Школа

(NB: с непередаваемым жестом заядлым моим посетителям (читателям?): Леониду Бабанину (отчего-то клинически застрявшему на одном моём тексте), Ал.-ру Станис. Минакову (рецки которого вообще столь малочисленны, что, похоже, ценятся им наподобие драгкаменьев небольшого размера), Творческому Союзу Виктор-Анджела (явному лидеру по кол.-ву прочтений, о двух головах-то!) и проч.)
  добавлю также Анатолия БЕШЕНЦЕВА, исправно и неизменно курсирующего между моими двумя верхними текстами - по несколько раз! у человека этого бездна времени: более полторы тыщи личных текстов и 42 с лишком тыщ рецок - по десятку за вечер разбрасывает во все стороны портала. тем странней его безмолвные посещения моей скромной делянки...)
   удлиняется список молчаливых посетителей (ОЛЕГ РУСАКОВ, САША ШНЕЕРСОН), будто им тут мёдом намазано, если только не доктор прописал бодряще-оздоровительный променад по ландшафту моих текстов. гуляют себе с завидной регулярностью, набрав воды в рот. лица не придурошные, черты правильные, о чём сами пишут, мне неведомо. с другой стороны, ведь не гадят же на дорожках, веток не ломают. дышите глубже, мимоходы!
    присовокуплю до кучи:  Юрий Иванович Хмыз, Борис Гатауллин, Лазарь Шестаков....



 
                Воспитатели и ученицы

  В зените жизни своей я вдруг  оказался  связан со школой. Водевильным образом, так считаю.

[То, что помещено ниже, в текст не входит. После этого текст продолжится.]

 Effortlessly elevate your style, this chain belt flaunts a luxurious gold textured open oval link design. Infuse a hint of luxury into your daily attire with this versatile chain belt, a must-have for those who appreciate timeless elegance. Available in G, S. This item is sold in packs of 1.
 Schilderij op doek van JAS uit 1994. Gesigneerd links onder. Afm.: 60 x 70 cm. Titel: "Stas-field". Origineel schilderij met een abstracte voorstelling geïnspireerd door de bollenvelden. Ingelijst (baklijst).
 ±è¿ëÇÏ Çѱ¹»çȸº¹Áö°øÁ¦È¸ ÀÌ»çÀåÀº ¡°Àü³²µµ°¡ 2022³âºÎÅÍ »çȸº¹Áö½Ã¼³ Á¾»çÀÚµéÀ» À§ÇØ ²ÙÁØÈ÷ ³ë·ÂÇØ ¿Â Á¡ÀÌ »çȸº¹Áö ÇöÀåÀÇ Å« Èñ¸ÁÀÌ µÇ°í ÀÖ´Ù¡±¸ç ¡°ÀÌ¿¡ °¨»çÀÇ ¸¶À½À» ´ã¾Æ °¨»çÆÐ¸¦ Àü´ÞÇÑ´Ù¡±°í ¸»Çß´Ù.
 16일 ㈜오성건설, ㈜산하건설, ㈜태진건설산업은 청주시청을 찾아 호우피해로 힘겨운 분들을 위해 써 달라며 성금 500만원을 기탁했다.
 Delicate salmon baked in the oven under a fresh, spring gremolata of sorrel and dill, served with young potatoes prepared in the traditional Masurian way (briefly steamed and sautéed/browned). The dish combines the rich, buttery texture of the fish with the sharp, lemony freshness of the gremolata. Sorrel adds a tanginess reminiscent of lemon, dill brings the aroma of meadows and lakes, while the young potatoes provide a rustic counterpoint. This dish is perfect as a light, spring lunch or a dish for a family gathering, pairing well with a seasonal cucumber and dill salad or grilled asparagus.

  Семейное корыто давно уже дало течь и улеглось на дно. Но мути при этом поднялось немало. И крики смолкли  не сразу… Жалкая женщина, мать моего ребёнка, потребовала отступного. Конечно, я сдержался, в который раз, и не размазал её по стенкам. Они мне нужны чистыми. Около года собирал требуемую сумму. Стал даже больше работать. Жили мы в разных комнатах, у меня большая и проходная. Триста сорок одну метку поставил я на белом листе из альбома дочки. Лист был приклеен скотчем к стене, у моей тахты.
  Домой – на свою половину – торопиться вроде резона не было, но, поверьте, я знал, как провести с толком и удовольствием вечера, вплоть до восхода. Однако приходилось вкалывать, я уставал, падал и видел сны о пёстрых лугах.

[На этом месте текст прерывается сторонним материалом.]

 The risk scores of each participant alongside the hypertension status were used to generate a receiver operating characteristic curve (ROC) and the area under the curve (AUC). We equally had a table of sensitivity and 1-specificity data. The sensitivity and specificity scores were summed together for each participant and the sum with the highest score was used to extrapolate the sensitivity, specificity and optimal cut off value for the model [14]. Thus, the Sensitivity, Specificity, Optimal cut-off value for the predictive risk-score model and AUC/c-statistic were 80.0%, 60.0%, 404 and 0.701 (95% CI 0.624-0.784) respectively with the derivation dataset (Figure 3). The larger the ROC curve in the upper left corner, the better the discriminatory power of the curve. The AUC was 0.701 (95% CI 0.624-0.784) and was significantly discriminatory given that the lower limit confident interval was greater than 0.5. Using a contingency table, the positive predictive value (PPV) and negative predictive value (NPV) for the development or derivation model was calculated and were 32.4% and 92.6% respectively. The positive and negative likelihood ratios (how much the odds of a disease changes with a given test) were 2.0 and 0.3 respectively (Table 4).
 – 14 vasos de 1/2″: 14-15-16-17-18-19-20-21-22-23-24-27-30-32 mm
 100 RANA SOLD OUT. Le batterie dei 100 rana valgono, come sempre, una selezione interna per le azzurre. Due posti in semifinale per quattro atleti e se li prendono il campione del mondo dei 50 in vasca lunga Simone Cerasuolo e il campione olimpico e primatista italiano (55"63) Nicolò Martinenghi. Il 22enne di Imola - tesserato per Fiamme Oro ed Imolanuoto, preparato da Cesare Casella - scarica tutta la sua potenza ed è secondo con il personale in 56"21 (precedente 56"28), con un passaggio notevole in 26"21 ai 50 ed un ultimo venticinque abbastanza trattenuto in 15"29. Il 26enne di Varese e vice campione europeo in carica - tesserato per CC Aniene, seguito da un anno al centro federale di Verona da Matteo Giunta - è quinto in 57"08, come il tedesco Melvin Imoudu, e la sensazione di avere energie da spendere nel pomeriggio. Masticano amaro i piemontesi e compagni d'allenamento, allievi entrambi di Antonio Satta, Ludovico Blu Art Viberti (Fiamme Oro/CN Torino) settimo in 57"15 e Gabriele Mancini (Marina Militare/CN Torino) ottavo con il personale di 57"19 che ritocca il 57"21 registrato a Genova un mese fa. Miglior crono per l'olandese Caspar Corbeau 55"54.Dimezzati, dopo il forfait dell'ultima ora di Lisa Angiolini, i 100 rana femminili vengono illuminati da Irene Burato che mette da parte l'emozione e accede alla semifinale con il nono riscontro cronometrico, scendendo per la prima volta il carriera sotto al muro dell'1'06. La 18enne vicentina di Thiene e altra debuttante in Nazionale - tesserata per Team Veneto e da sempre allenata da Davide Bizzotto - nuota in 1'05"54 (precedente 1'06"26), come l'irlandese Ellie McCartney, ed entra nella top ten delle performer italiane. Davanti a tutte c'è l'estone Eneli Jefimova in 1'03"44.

   Потрёпанной искательнице счастья было где приклонить голову и тело. Избранник её затеял умопомрачительный ремонт в хоромах, куда думал ввести бедную истерзанную жертву подонка. «Он – этот чудо-человек – готов воспитать нашу Алёну, поставить её на ноги. Он любит нас!»
  Однажды, после судорожного идиотского скандала, самаритянин примчался по сигналу СОС, весь в гневе. Вызвал на бой. Правильно рассудив, что на чужой территории биться опасно, ждал во дворе. Я вышел с задрипанной полотняной сумкой. В ней болтались какие-то проводки, несколько гвоздей. Громоздкий бугай, он представлял идеальную мишень для моего старенького молотка, с отполированной ручкой, которым хорошо отмахиваться от всяких грубиянов. В тот раз мне не привелось рихтовать ни лица будущего мужа, ни его германского седана цвета маренго. (Не всё сразу, и, разумеется, без  свидетелей). Им повезло.

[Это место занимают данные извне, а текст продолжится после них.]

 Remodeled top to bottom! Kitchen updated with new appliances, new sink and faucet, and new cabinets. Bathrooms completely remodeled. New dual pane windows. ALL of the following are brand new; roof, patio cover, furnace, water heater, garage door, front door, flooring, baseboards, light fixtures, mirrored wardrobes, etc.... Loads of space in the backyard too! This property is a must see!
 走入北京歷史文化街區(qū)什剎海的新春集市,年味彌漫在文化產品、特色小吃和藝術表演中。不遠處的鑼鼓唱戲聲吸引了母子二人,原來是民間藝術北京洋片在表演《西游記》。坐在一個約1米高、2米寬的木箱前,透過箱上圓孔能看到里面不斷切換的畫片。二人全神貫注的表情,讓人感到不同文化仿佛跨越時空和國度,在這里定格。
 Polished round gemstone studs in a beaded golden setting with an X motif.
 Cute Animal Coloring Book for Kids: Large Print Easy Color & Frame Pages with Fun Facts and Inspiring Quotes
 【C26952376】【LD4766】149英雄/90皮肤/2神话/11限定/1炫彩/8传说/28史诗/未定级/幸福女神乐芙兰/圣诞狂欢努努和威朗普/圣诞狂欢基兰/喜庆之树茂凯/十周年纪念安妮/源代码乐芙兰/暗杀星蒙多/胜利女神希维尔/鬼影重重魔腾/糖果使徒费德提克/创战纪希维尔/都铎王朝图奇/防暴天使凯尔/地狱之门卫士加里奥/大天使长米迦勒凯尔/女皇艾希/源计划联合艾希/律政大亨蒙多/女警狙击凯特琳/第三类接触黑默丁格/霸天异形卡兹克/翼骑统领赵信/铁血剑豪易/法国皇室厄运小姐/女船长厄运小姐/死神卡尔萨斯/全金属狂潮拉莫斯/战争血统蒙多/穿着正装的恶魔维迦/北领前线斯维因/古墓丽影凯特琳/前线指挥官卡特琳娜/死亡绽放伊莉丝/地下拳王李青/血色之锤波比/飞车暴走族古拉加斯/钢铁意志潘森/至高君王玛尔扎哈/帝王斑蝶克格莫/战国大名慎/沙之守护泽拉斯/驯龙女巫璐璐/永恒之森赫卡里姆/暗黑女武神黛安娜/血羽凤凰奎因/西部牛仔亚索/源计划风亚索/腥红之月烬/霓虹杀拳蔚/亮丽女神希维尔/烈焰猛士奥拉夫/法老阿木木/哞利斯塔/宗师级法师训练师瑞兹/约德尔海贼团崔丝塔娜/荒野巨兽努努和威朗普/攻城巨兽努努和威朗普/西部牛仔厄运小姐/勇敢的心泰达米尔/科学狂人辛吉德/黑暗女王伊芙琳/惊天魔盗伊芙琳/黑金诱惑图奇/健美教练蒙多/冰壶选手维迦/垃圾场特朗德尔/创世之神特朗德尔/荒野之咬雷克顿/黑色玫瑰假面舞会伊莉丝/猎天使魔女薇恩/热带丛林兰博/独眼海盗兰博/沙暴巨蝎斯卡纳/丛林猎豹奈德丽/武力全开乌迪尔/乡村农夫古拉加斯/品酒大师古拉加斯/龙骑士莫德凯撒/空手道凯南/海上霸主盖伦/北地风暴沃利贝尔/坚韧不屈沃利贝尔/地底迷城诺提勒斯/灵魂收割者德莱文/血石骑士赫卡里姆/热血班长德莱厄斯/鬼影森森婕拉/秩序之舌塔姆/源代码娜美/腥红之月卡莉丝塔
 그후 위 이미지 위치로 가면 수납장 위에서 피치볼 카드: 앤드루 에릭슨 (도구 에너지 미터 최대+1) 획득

   Я дождался своего праздника, с сединою на висках. Пространство освободилось. Я сбросил одежду и, оставшись голым, пел все песни, какие знал, расхаживая по своим владениям. На третий день заверещал звонок в коридоре. Облачившись в халат, пошёл открывать. В дверях Мариша, старинная подруга моей дочки.
 – Вот, Марина, остался один. - Голос дрогнул. – Совсем один.
  Девчушка округлила зелёные глаза: «Ой, дядь Жень, я и забыла, мне же Алёнка говорила, что они переехали... туда. Вы переживаете?»
 - Не то слово, Марина. Едва в себя прихожу.
   У порога не говорят о сокровенном. Мы расположились на кухне. Кофе, немного вина, сначала себе. Удивительным образом в холодильнике обнаружилось мороженое, Алёнкино... Уверен, была бы в мойке груда грязной посуды, так, кажется, тиражируют образ опускающегося мудозвона, сердобольная гостья обязательно бы перемыла её и насухо вытерла. Я не нуждался в подобных услугах.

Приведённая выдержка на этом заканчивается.